Johnson, J. F., Belyk, M., Schwartze, M., Pinheiro, A. P., & Kotz, S. A. (2019). The role of the cerebellum in adaptation: ALE meta‐analyses on sensory feedback error. Human Brain Mapping, 40(13), 3966-3981. doi:10.1002/hbm.24681.


Cite as: http://hdl.handle.net/21.11116/0000-0003-DD91-0
Abstract
It is widely accepted that unexpected sensory consequences of self‐action engage the cerebellum. However, we currently lack consensus on where in the cerebellum, we find fine‐grained differentiation to unexpected sensory feedback. This may result from methodological diversity in task‐based human neuroimaging studies that experimentally alter the quality of self‐generated sensory feedback. We gathered existing studies that manipulated sensory feedback using a variety of methodological approaches and performed activation likelihood estimation (ALE) meta‐analyses. Only half of these studies reported cerebellar activation with considerable variation in spatial location. Consequently, ALE analyses did not reveal significantly increased likelihood of activation in the cerebellum despite the broad scientific consensus of the cerebellum's involvement.

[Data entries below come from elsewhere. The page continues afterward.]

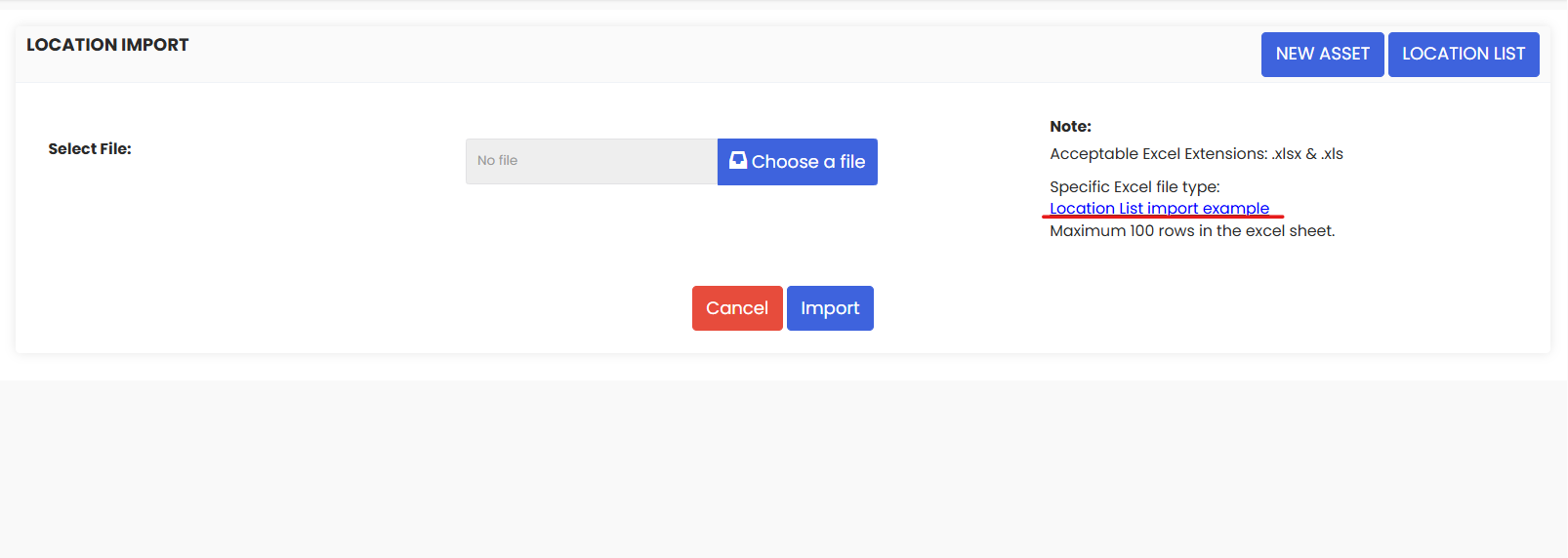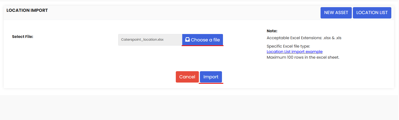 4. Upload the location file and click on Import. You will see that the locations have been imported in the system.
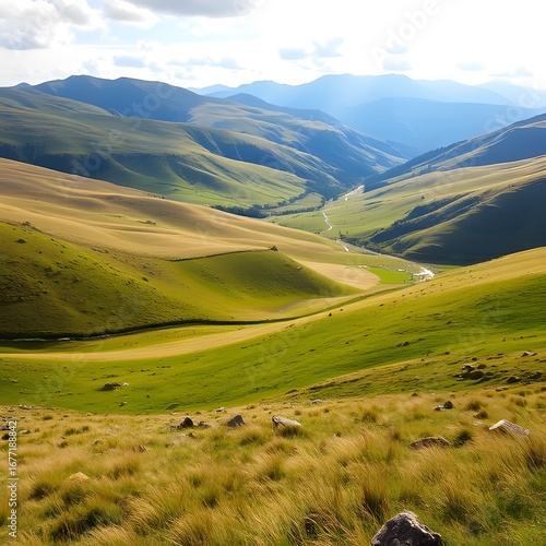 © M.Hamza, Fototapeta premium Rolling meadow valley
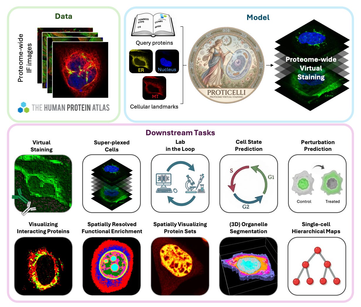 ProtiCelli is a deep generative model from Stanford and KTH, trained on 1.23 million immunofluorescence images from the Human Protein Atlas, that simulates microscopy images for 12,800 human proteins using just three cellular landmark stains as input (nucleus, microtubules, ER).
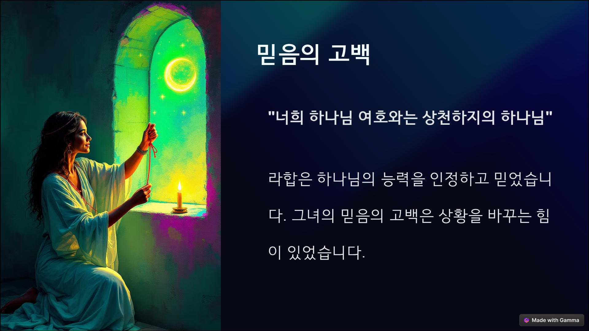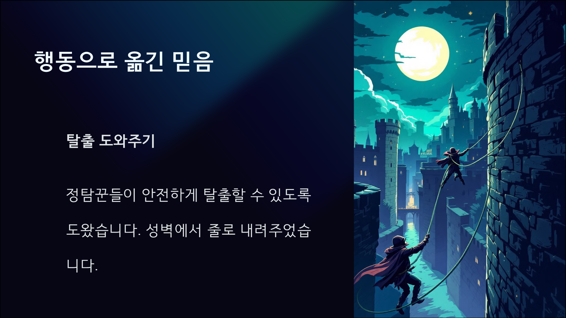 우리도 라합처럼 믿음으로 순종할 때, 하나님께서 우리를 통해 놀라운 일을 이루실 것입니다. 아무리 작은 믿음이라도 하나님께 드리면, 하나님은 그것을 통해 큰 구원의 역사를 써 가십니다.
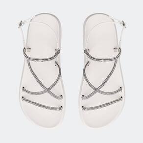 Sandália Papete Bahamas Glam Brilho Strass - 36 - Branco
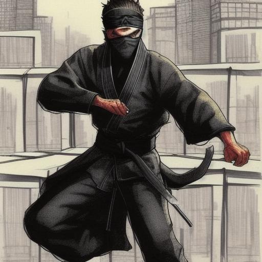 ninja on a dojo roof running and throwing shurikkens , PEN-INK-PORTRAITS-BENNORTHEN
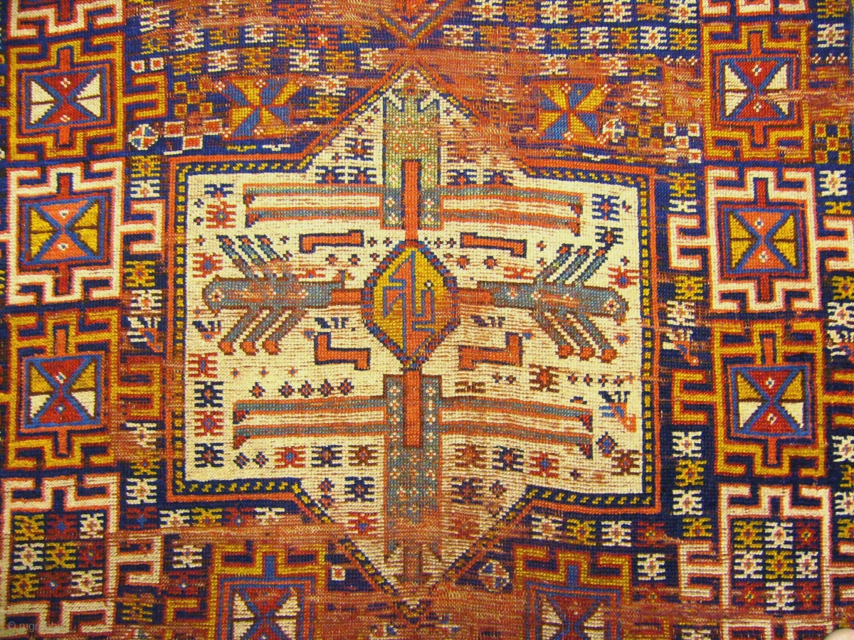 # 296 Great Kordi main carpet fragment, 145/330 cm, Darreh-Gaz region, Khorasan, the upper borders and the original selvages are missing, some areas of wear and a sewn crack; a unique field with archaic medallions, a main border with a lot of cited motifs and above all the best natural colours you can imagine! No comparable piece is published up to date! Further information on request!
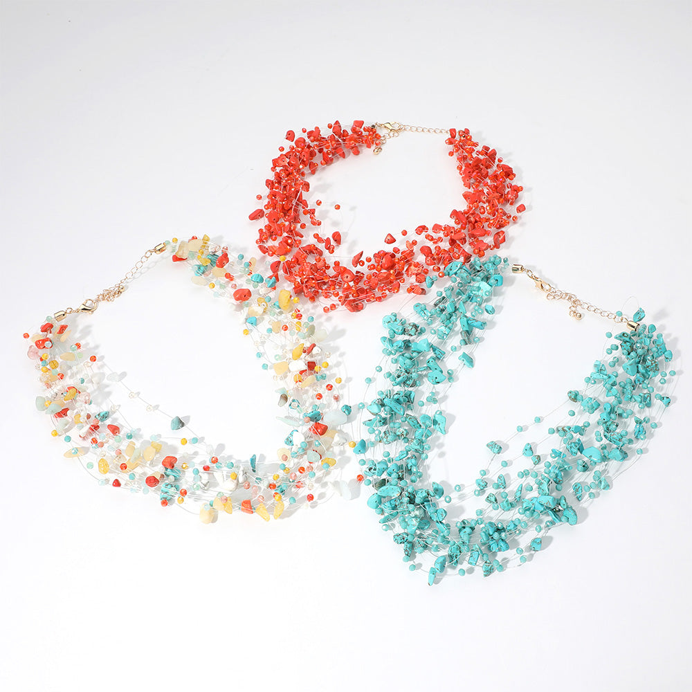 iLLASPARKZ Pebble Faceted Beads Transparent Thread Multi Layered Strand Necklace
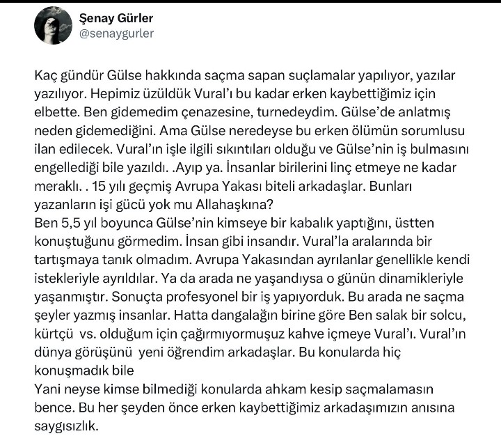 Gürler, "Kaç gündür Gülse hakkında saçma sapan suçlamalar yapılıyor, yazılar yazılıyor. Hepimiz üzüldük Vural'ı bu kadar erken kaybettiğimiz için elbette. Ben gidemedim cenazesine, turnedeydim. Gülse de anlatmış neden gidemediğini. Ama Gülse neredeyse bu erken ölümün sorumlusu ilan edilecek" dedi.
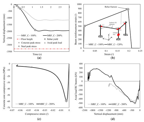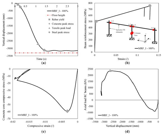 Results for MRF_C: (a) Vertical displacement; (b) Steel stress strain relation; (c) Concrete core compressive stress-strain relation; (d) Axial load of RC beams across removed column.

In light of the high degree of methodological variability in published studies, we tested for statistical dependence between methodological factors that varied across the published studies. Experiments that elicited an adaptive response to continuously altered sensory feedback more frequently reported activation in the cerebellum than those experiments that did not induce adaptation. These findings may explain the surprisingly low rate of significant cerebellar activation across brain imaging studies investigating unexpected sensory feedback. Furthermore, limitations of functional magnetic resonance imaging to probe the cerebellum could play a role as climbing fiber activity associated with feedback error processing may not be captured by it. We provide methodological recommendations that may guide future studies.